50 Years of Running: Moving experiences

Chicago-style pizza. My roommate shoved his face into one of these when I refused to eat at midnight.

I felt kind of cheesy being back in the Chicago area after having been given a big sendoff party to hail my departure to Philadelphia just nine months before. Once back in town, I headed downtown to find the apartment I’d be sharing with a friend on Menomonee Street in Old Town. That little avenue is only a half-block running from Clark Street to Wells, where the running store Vertel’s Chicago sits. If I’d had half a brain, I might have gone straight there and asked for a job. Somehow it did not occur to me that working in the running industry would have been a good fit. Sure, retail money wasn’t that great, but it would have been something to get started in Chicago, and make connections in the running world. Sometimes the practical answers to life’s problems are staring you right in the face, yet you look right past them.
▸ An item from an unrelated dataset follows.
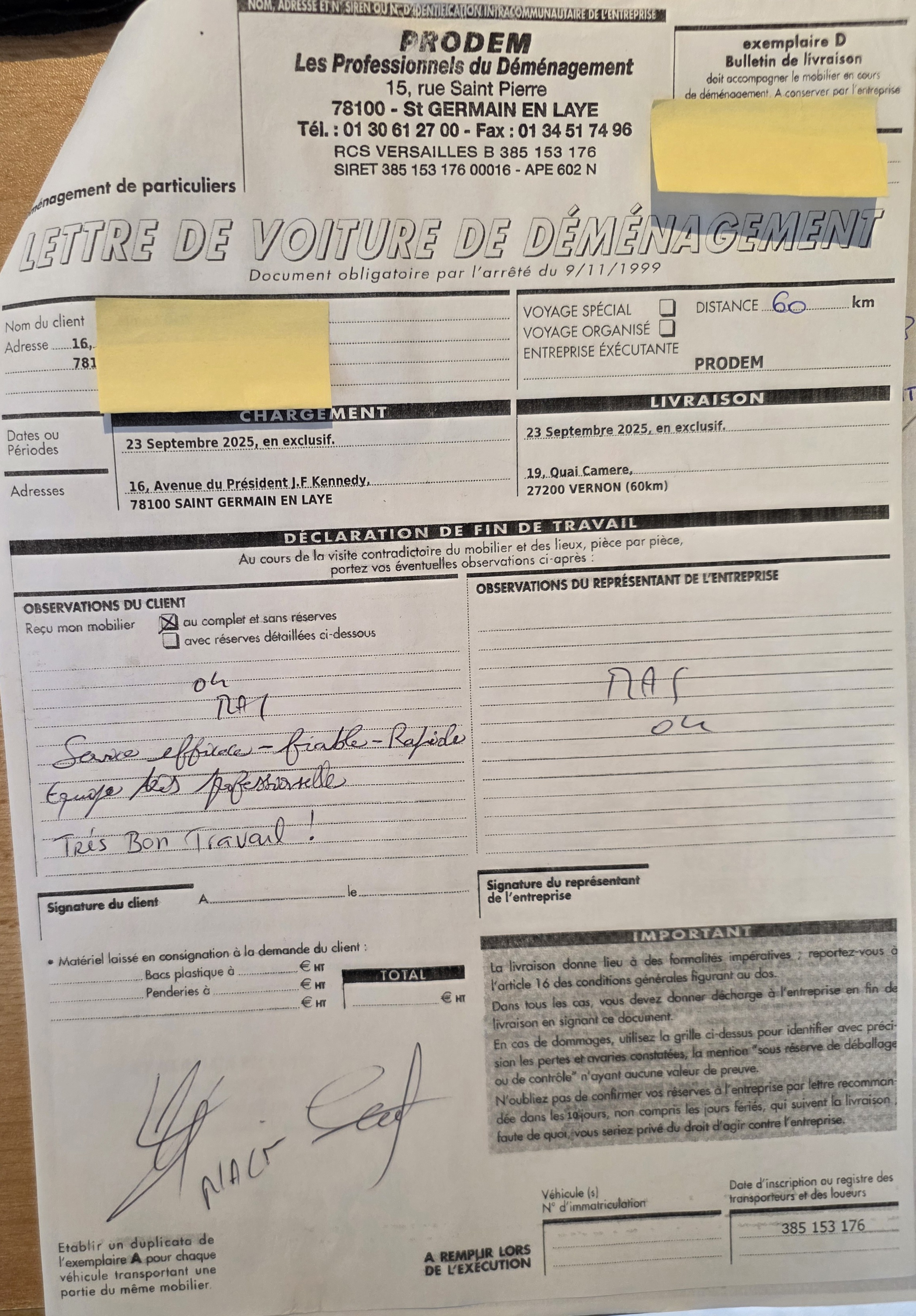 Déménagement Septembre 2025 de Saint Germain en Laye (78) à Vernon (27).

That first night in Chicago I was emotionally exhausted. So much change had taken place in the previous month, I sat around the bedroom that evening after going for a run in Lincoln Park. We were subletting the apartment from my friend’s girlfriend, who was off in Greece getting tanned from head to toe while riding around the Mediterranean naked most of the time. I did not yet know her yet, as they’d begun dating the winter before, while I was out in Philly. I had a beer and tried to settle my mind. The afternoon light grew dim as the sun sank behind the neighborhood building, and I dozed off on the bed.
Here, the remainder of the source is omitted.